Recorded data

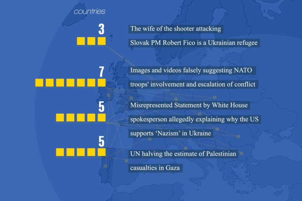 Narratives: Despite a slight decrease in volume compared to previous months, disinformation about Ukraine persisted. False stories included claims of NATO troops’ direct involvement in Ukraine and exaggerated Russian threats to EU security.
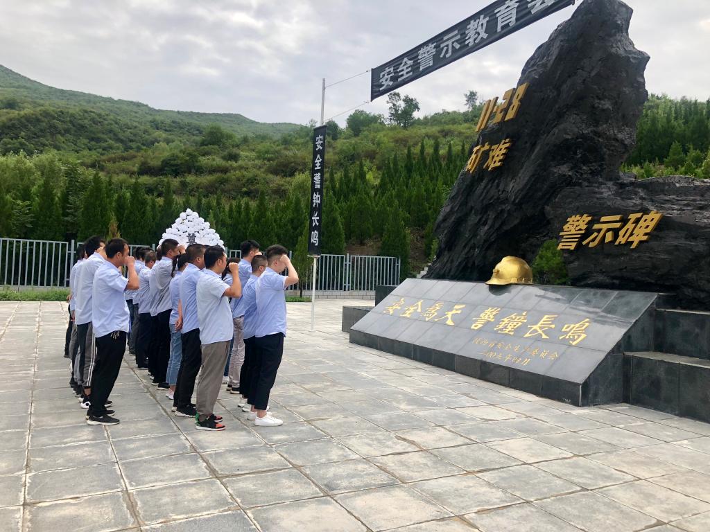 全體人員來到礦難警示碑前,向遇難礦工敬獻花圈,全體人員默然肅立,懷著沉重的心情面向警示紀念碑默哀,表達對遇難礦工深切的哀思,并在警示碑前進行了莊嚴的安全宣誓。隨后,全體人員繞紀念碑一周,緬懷紀念遇難礦工,汲取安全事故教訓。
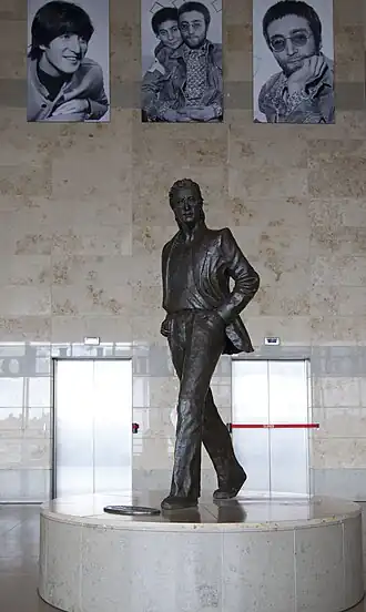 Beeld van John Lennon in de ontvangsthal van John Lennon Airport in Liverpool
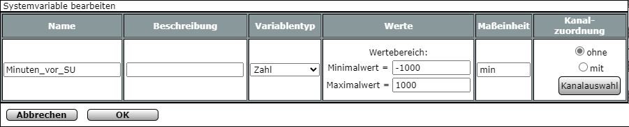 <systemVariable name="Minuten_vor_SU" variable="-19.000000" value="-19.000000" value_list="" ise_id="8108" min="-1000" max="1000" unit="min" type="4" subtype="0" logged="false" visible="true" timestamp="1698854220" value_name_0="" value_name_1=""/>
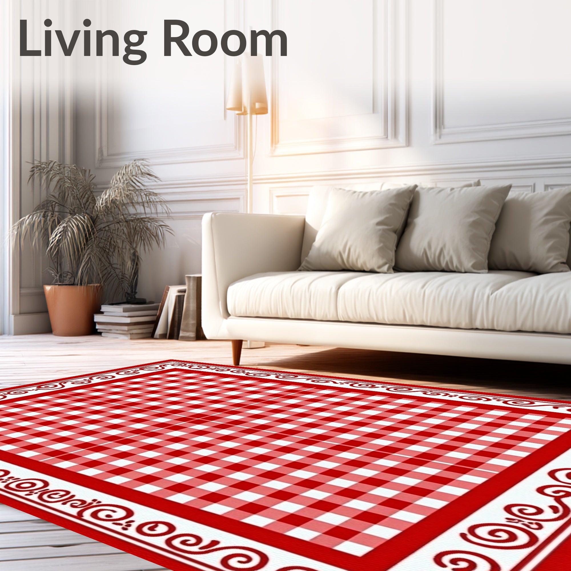 Ultra Soft Area Rug, Non Slip, Stain Resistant, Washable Area Rugs for Living Room, Bedroom, High Traffic Buffalo Check with Cane Stripe Accent Borders(Red) Overview:
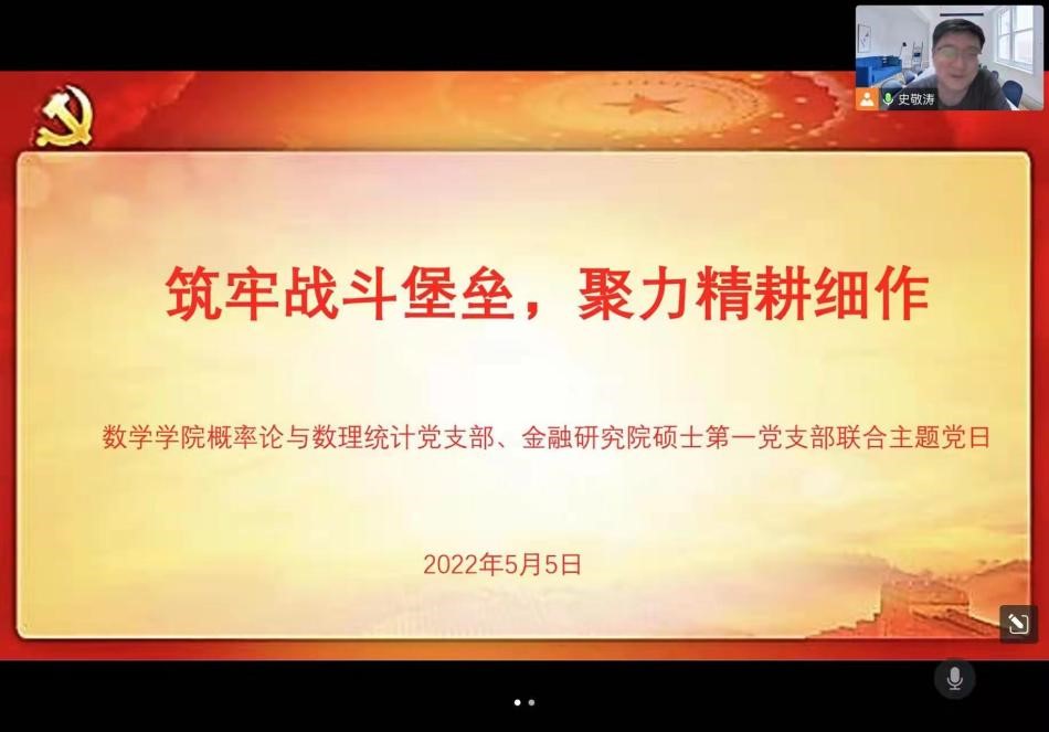 5月5日,ac米兰官方中文网站概率论与数理统计党支部与金融研究院硕士第一党支部联合开展了主题为“筑牢战斗堡垒,聚力精耕细作”的联合主题党日活动,活动线上进行,共19名师生党员参加了活动。
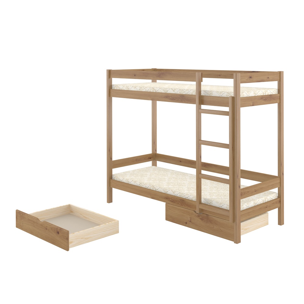 Каркас виготовлений з міцних матеріалів, що забезпечує надійність і стійкість обох ярусів. Ламельні основи під матраци гарантують комфортний сон та правильну підтримку, а конструкція продумана для безпечного користування дітьми різного віку.
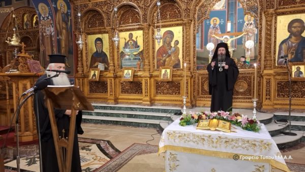 Καλωσορίζοντας τον Μητροπολίτη Αργολίδος ανέφερε: «έχουμε σήμερα την μεγάλη ευλογία και χαρά να φιλοξενούμε τον Σεβασμιώτατο Μητροπολίτη Αργολίδος κ. Νεκτάριο, ο οποίος μας εκόμισε προς προσκύνηση την ιερά αυτή λειψανοθήκη, η όποια περιέχει λείψανα τριών μεγάλων Αγίων: του Οσίου και Θεοφόρου Πατρός ημών Αθανασίου του Χαμακιώτου, του Όσιου και Θεοφόρου Πατρός ημών Αρσενίου του Καππαδόκου και του Οσίου και Θεοφόρου Πατρός ημών Εφραίμ του Κατουνακιώτου. Παράλληλα θα μας μιλήσει για τον Άγιο Αθανάσιο που τόσο αγάπησε και συνδέθηκε μαζί του».
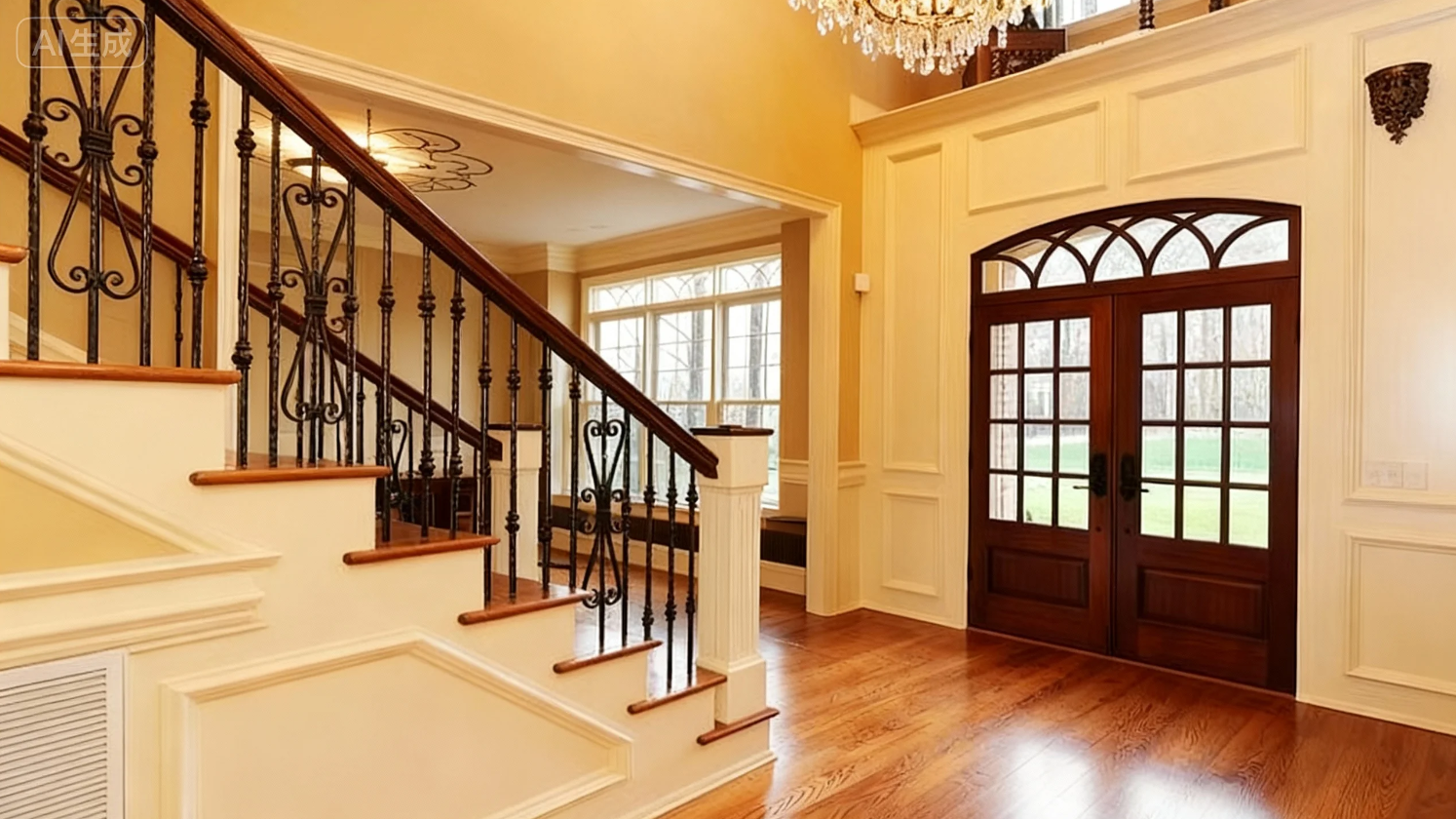 "静为山,动为水",楼梯是供人上下走动之用,象征屋宅内的"水",楼中楼或透天厝的屋内楼梯若是正对大门,则代表水往大门流出,水为财,楼梯倾斜度越大表示财的流失越快。

◆ Work to complete
Give back exactly the lines from the one with "Каркас виготовлений з" through the end of the records above, inclusive, and omit any pictures.

◆ Final answer
 Каркас виготовлений з міцних матеріалів, що забезпечує надійність і стійкість обох ярусів. Ламельні основи під матраци гарантують комфортний сон та правильну підтримку, а конструкція продумана для безпечного користування дітьми різного віку.
 Καλωσορίζοντας τον Μητροπολίτη Αργολίδος ανέφερε: «έχουμε σήμερα την μεγάλη ευλογία και χαρά να φιλοξενούμε τον Σεβασμιώτατο Μητροπολίτη Αργολίδος κ. Νεκτάριο, ο οποίος μας εκόμισε προς προσκύνηση την ιερά αυτή λειψανοθήκη, η όποια περιέχει λείψανα τριών μεγάλων Αγίων: του Οσίου και Θεοφόρου Πατρός ημών Αθανασίου του Χαμακιώτου, του Όσιου και Θεοφόρου Πατρός ημών Αρσενίου του Καππαδόκου και του Οσίου και Θεοφόρου Πατρός ημών Εφραίμ του Κατουνακιώτου. Παράλληλα θα μας μιλήσει για τον Άγιο Αθανάσιο που τόσο αγάπησε και συνδέθηκε μαζί του».
 "静为山,动为水",楼梯是供人上下走动之用,象征屋宅内的"水",楼中楼或透天厝的屋内楼梯若是正对大门,则代表水往大门流出,水为财,楼梯倾斜度越大表示财的流失越快。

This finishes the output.